After the pre-Pesach cemetery visit on Sunday morning we had booked a table for lunch at the new kosher restaurant, Naomi Grill, under the supervision of the Madrid rabbinate. Kosher restaurants in Madrid are like buses. You wait 500 years and then 2 come along at once. La Escudilla opened in December 2002 in Santissima Trinidad ( most Holy Trinity Street ), round the corner from the main synagogue and run by the son of Elias el carnicero ( the butcher ), Naomi opened in December 2004. Prior to that Madrid had been a kosher culinary backwater.
La Escudilla does a nice range of pinchitos or kebabs. The name 'escudilla' refers to a shoulder of lamb. Naomi Grill is in a quiet side street at the end of Sor Angela de la Cruz between Plaza Cuzco and Juan Bravo Murillo street, close to the Tetuan metro station ( line 1 ) and to the Melia Castilla and Eurobuilding hotels. The owner ( whose name I didn’t ask ) is Italian but apparently had spent some time in Venezuela, so much so that he knew my wife’s aunt in Caracas. The restaurant has more covers than La Escudilla and is pleasantly furnished with the walls covered in a light wood veneer.
The menu is essentially Moroccan with the usual tagine and couscous dishes. There is a chicken couscous and a couscous royal with meat, chicken and merguez thrown in ( more appropriate for a cold winter’s day in Madrid ). There is lamb mechoui, roasted lamb which in times past used to be eaten with your fingers, but where you have a whole group of people sitting round a mechoui eating it with their fingers it all tends to get rather unhygienic.

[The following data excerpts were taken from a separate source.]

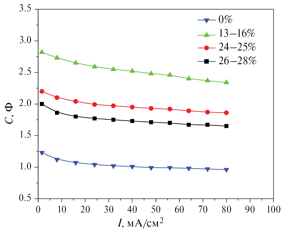 Емкость конденсатора измерялась гальваностатическим разрядом при постоянном токе, что наиболее близко соответствует условиям практического применения силовых суперконденсаторов [7], и рассчитывалась по следующей формуле:
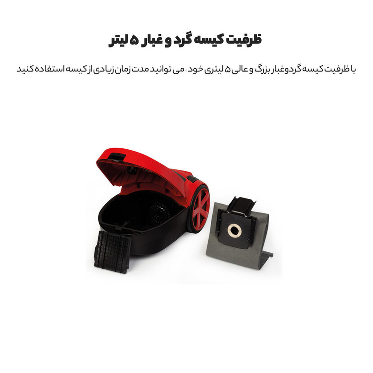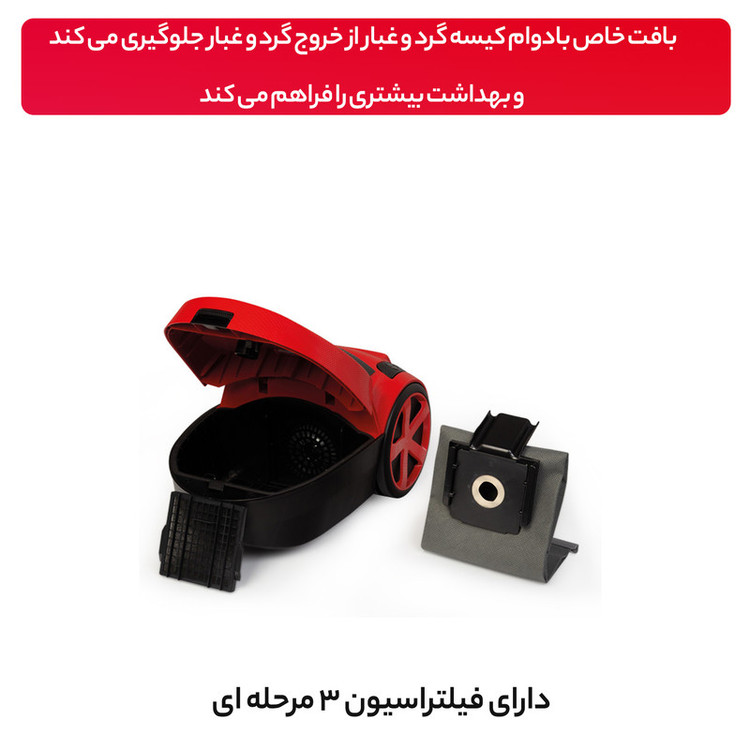 جاروبرقی فانتوم ترکیه مدل FANTOM DC 3000 ، با ظرفیت کیسه گردوغبار بزرگ و عالی 5 لیتری خود ، می توانید مدت زمان زیادی از کیسه استفاده کنید. بافت خاص بادوام کیسه گرد و غبار از خروج گرد و غبار جلوگیری می کند و بهداشت بیشتری را فراهم می کند. به لطف پنل نشانگر پر شدن کیسه گرد و غبار، می توانید پر بودن کیسه را بررسی کنید. قدرت مکش بالا ، سیستم فیلتراسیون 3 مرحله ای، طراحی ارگونومیک و سیم جمع کن خودکار از دیگر مزایای این محصول پرقدرت فانتوم ساخت ترکیه است که می توانید با خیال راحت برای سالیان سال از آن استفاده نمایید. این جاروبرقی در 6 رنگ جذاب و زیبا تولید و روانه بازار شده است که برای هر سلیقه ای قابل انتخاب و پسند می باشد. این محصول دارای استاندارهای صنعتی و بهداشتی از اروپا را دارد که برای کشورهای اروپایی، آفریقایی و آمریکایی صادرات می شود.
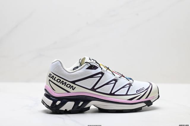 Company-grade Salomon XT-6 outdoor trail running shoes. The upper features Sensifit fit technology for a full-body wrap around the foot. The heel and outsole traction design provide strong grip, making them more suitable for rugged terrain. The lightweight 3D Advanced Chassis chassis material and maximized spike design offer enhanced stability and protection. The outsole uses Contagrip high-abrasion-resistant material in high-wear areas to withstand the challenges of long-distance running on hard urban surfaces. Product No.: 478640-26 ID: Jhd101-Dzs
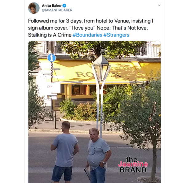 Grammy-Award winning singer, Anita Baker is using her experience with a stalker to raise awareness about police abuse. She has always taken to social media to detail her experiences, dating back to last year, when she posted photos of two men who allegedly followed her for 3 days to get an autograph.
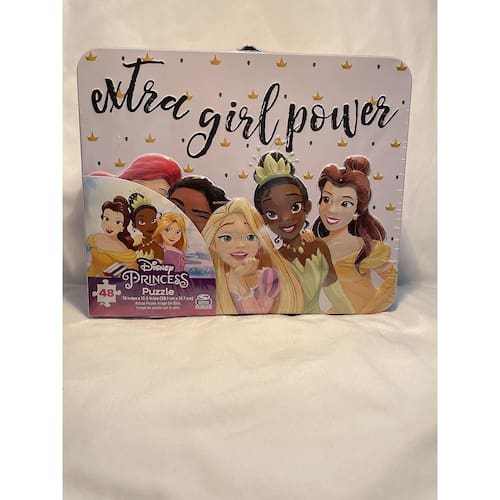 - INCLUÍDO NA COMPRA DA LANCHEIRA DISNEY PRINCESS — Inclui 1 lancheira de lata Disney Princess Extra Girl Power medindo 7,75 L x 6,25 L x 3,25 A polegadas com um quebra-cabeça de 48 peças medindo 15 L x 12,5 L polegadas com personagens da Disney Princess Ariel, Moana, Rapunzel, Tiana e Belle. Lancheira de lata incrível para crianças nas cores rosa do tema Princess. Lancheira de lata para meninas e meninos que adoram assistir filmes de princesas da Disney.
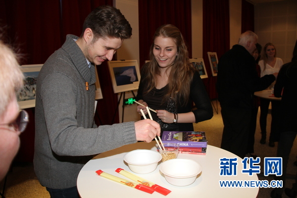 使馆还组织了写毛笔字和用筷子夹黄豆等趣味活动,很受学生欢迎,不少人都留下“墨宝”。
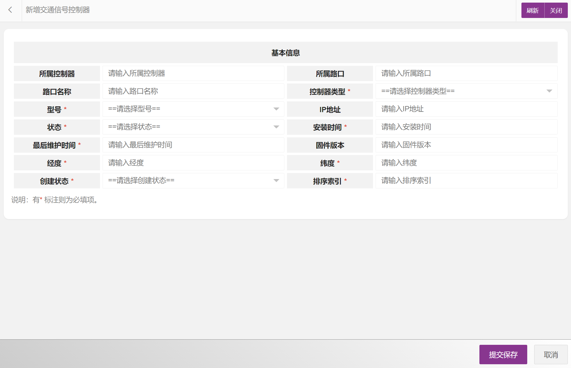 在交通信号控制器列表中可以选择新增交通信号控制器、编辑交通信号控制器、删除交通信号控制器、搜索交通信号控制器等。交通信号控制器属性包括:交通信号控制器编码、所属控制器、所属路口、路口名称、控制器类型、型号、IP地址、状态、安装时间、最后维护时间、固件版本、经度、纬度等。新增交通信号控制器界面如图所示:
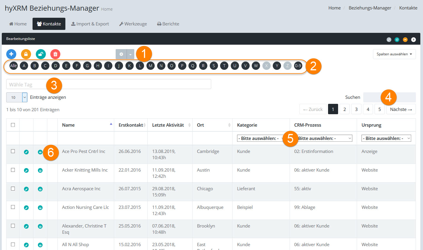Mit der Bearbeitungsliste der Kontakte können Sie Adressen suchen, bearbeiten und neue Adressen anlegen
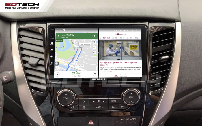 Màn hình ô tô thông minh Gotech cho xe Mitsubishi Pajero Sport 2011-2016
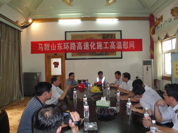 在我項目部大廳,王書記首先發(fā)表了熱情洋溢的講話,高度贊揚了我項目勇戰(zhàn)高溫、搶抓工期、誓保質量的大無畏施工精神。隨后,王書記又送上了慰問信,并與員工代表們一一握手,發(fā)放慰問金、慰問品。最后,在項目部會議室,王書記一行與蘇指揮長,蔡主任、江主任,總監(jiān)代表郭亮以及我部項目經理冷峰等進行座談,詳細了解了我南環(huán)02標項目的整體情況以及近期施工的進展情況,希望我部繼續(xù)發(fā)揚安徽省路橋公司攻堅克難的優(yōu)良傳統(tǒng),保質保量的如期完成東環(huán)02標項目建設任務。
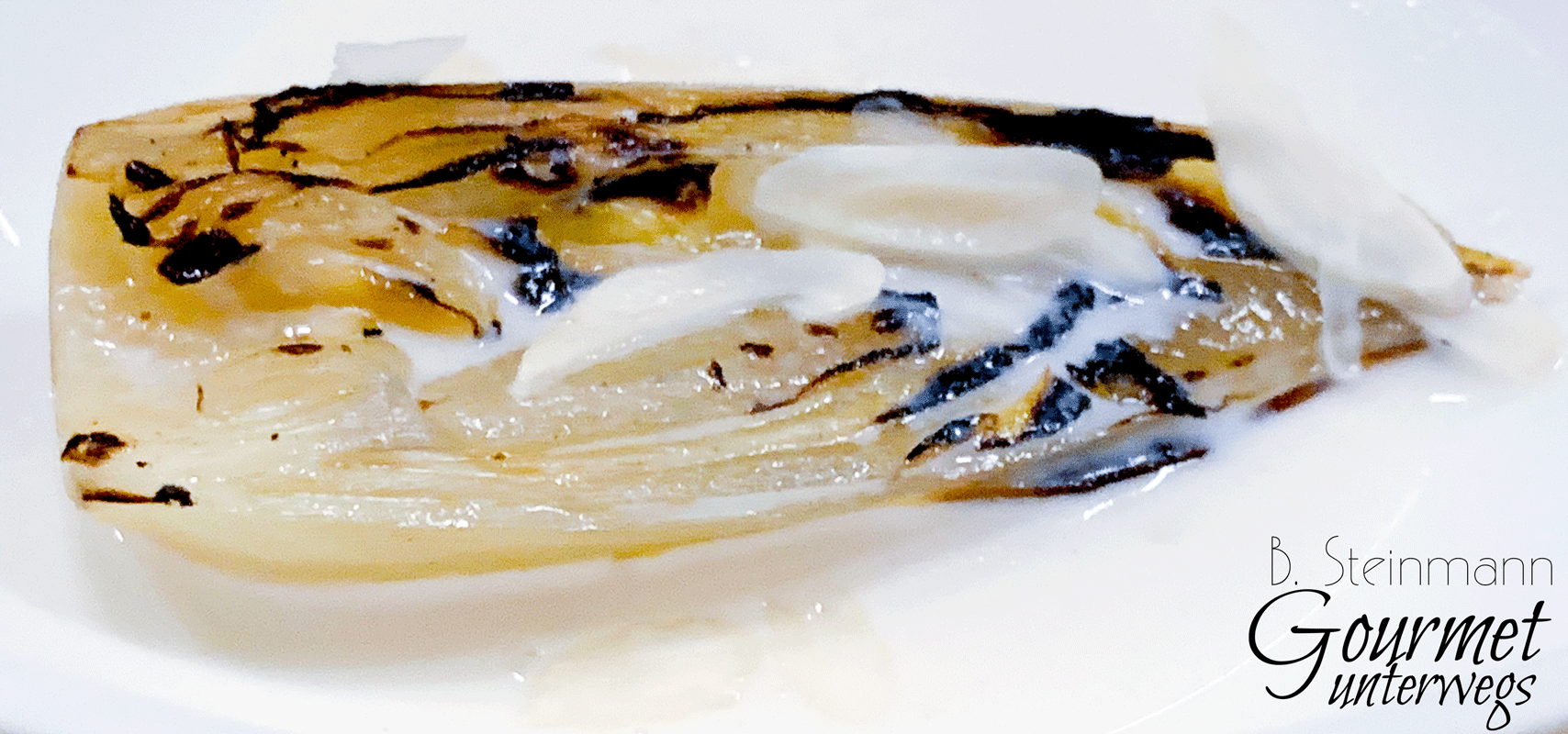 Leicht gegrillt und angereichert mit Speck vom Mangalitzaschwein. Hinzu kommt eingesalzener Jacobsmuschelrogen aus Norwegen.
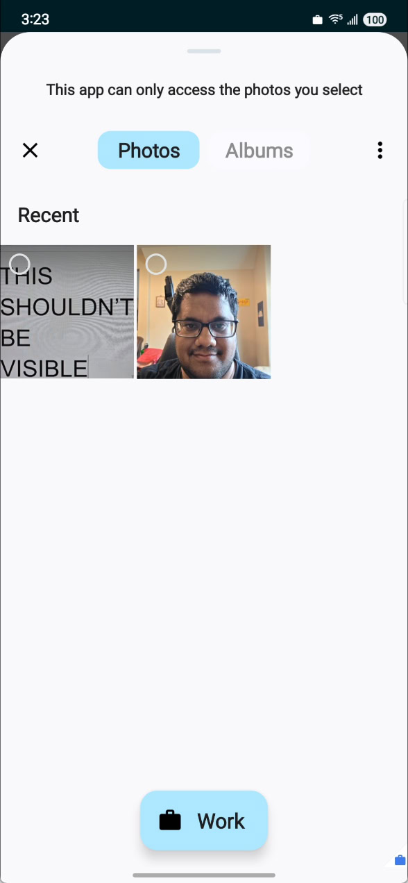 On the bright side, this flaw doesn’t extend to getting broad access to all files stored in the Secure Folder. In our testing, we noticed that the Android system file picker blocks access to Secure Folder files even if the file picker is accessed through a “work” app. This means that only photos and videos are at risk of being accessed outside the Secure Folder.
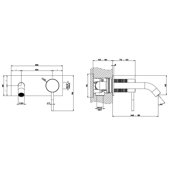 Gessi 316 Trame Встраиваемый смеситель для раковины, цвет: brushed black metal pvd 54388#707
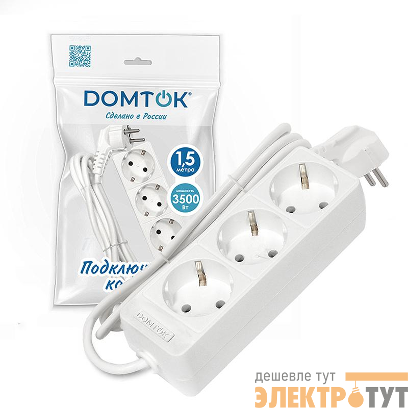 2389 | Удлинитель 3х1.5м с заземл. 16А IP20 3.5кВт ПВС 3х1 бел. DOMTOK
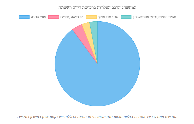 עלויות שיפוץ והתאמהמשתנה מאוד (10,000-150,000 ₪ ויותר)תלוי במצב הדירה. גם בדירה "משופצת" יש כמעט תמיד צורך בצביעה, תיקונים קטנים או התאמות.

There are also the usual grills and a selection of chicken, lamb or beef pinchitos ( kebabs ) and a tagine of pescado sefardita, a fish stew much favoured by Jews living in the north of Morocco. A chicken paella dish also features on the menu.
The girls ( my wife and a cousin ) ordered a mixed grill and salad between them. Although this consisted of 2 grilled kebabs, 2 merguez and 2 keftas ( minced lamb ) this was hardly the largest mixed grill I had seen. The girls thought that the salad was OK. I had the filet mignon with foie gras. The filet mignon was medium and was a nice piece of meat with a smattering of decoration on top, sitting on a bed of green beans ( judias verdes ) and small button potatoes. A substantial dish, good portion size and worth the price at 28 Euros.